For approximately 3,000 years China successfully held the secret of silk and sericulture and held a virtual monopoly on the silk industry. About AD 300 Japan learned the secret of raising silkworms and reeling the filaments from the cocoons.
Throughout history, silk has maintained a position of great prestige and is considered a luxury fiber. It is often called the “queen of fibers”. Perhaps one of the most important contributions silk has made in the history of textiles is that it was responsible for investigation into the possible production of man-made fibers. Scientists observed how the silkworm spun the fibers and believed that people could duplicate the art.
Silk is one of the strongest natural fibers used in creating textile products. It has a tenacity of 2.4 to S. 1 grams per denier when dry. Wet strength is about 80 to 85 percent of the dry strength. Silk has good elasticity and moderate elongation, when it is dry, the elongation varies from 10 to 25 percent; when wet, silk will elongate as much as 33 to 35 percent. At 2 percent elongation the fiber has a 92 percent elastic recovery.
Silk has medium resiliency. Creases will hang out relatively well, but not so quickly or completely as for wool.
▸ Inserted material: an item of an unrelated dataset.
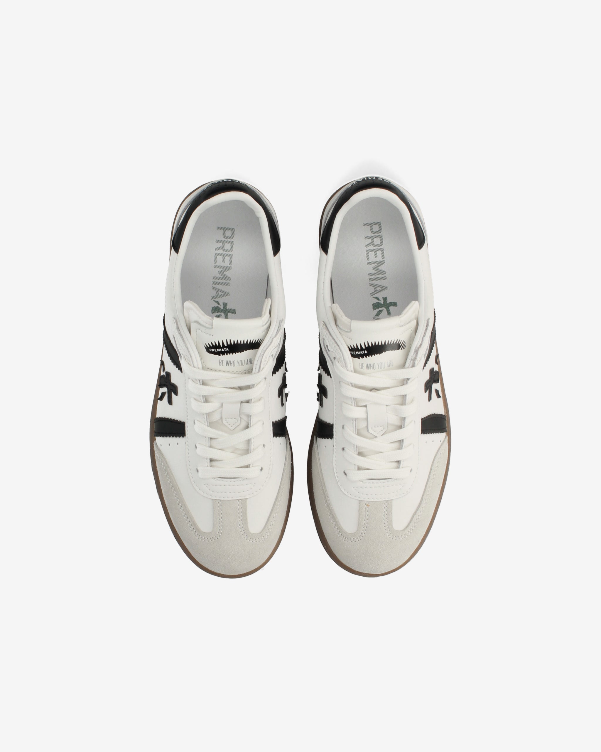 Modern sneaker design with white upper and contrasting black details. The sole decorated with distinctive stamps complete a sporty, urban look perfect for everyday wear.

The density of specific gravity of silk is cited as 1.25 to 1.34 grams per cubic centimeter, depending on the resource used. Because of the nature of silk, it is possible that the density varies among fibers as well as between the various types of moths that form the fiber. Another source of variation may be due to methods used in determining density. In any case, the density results in the formation of lightweight but strong filaments, yarns and fabrics.
Silk has a relatively high standard moisture regain of 11 percent. At saturation the regain is 25 to 35 percent. This relatively high absorption is helpful in applying dyes and finishes to silk; however, unlike many fibers, silk also absorbs impurities such as metal salts. These contaminants tend to damage silk by weakening the fiber or causing actual ruptures to occur when the fabric is not handled properly.
Silk will ignite and continue to burn when there is another source of flame. After removal from the source, it will sputter and eventually extinguish itself. It leaves a crisp, brittle ash and gives off an odor like that of burning hair or feathers. It bums similarly to wool.
Like other protein fibers, silk has a lower thermal or heat conductivity than cellulosic fibers. This factor coupled with certain methods of construction, creates fabrics that tend to be warmer than comparable fabrics of cellulosic fibers.
Silk is damaged by strong alkalis and will dissolve in heated caustic soda (NaOH); however, silk reacts more slowly than wool, and frequently the identity of the two fibers can be determined
by the speed of solubility in NaOH. Weak alkalis such as soap and ammonia cause little or no damage to silk unless they remain in contact with the fiber for a long time.
Silk protein, like wool, can be decomposed by strong mineral acids. Medium concentrations of hydrochloric acid will dissolve silk, and moderate concentrations of other mineral acids cause fiber contraction and shrinkage. The molecular arrangement in silk permits rapid absorption of acids but tends to hold the acid molecules, so they are difficult to remove. This accounts for some of the acid damage to fibroin that does not occur to keratin. Organic acids do not damage silk and are used in some finishing processes. Some authorities maintain that the scroop of silk – a rustling or crunching sound which used to be considered a natural characteristic, is actually developed by closure to organic acids.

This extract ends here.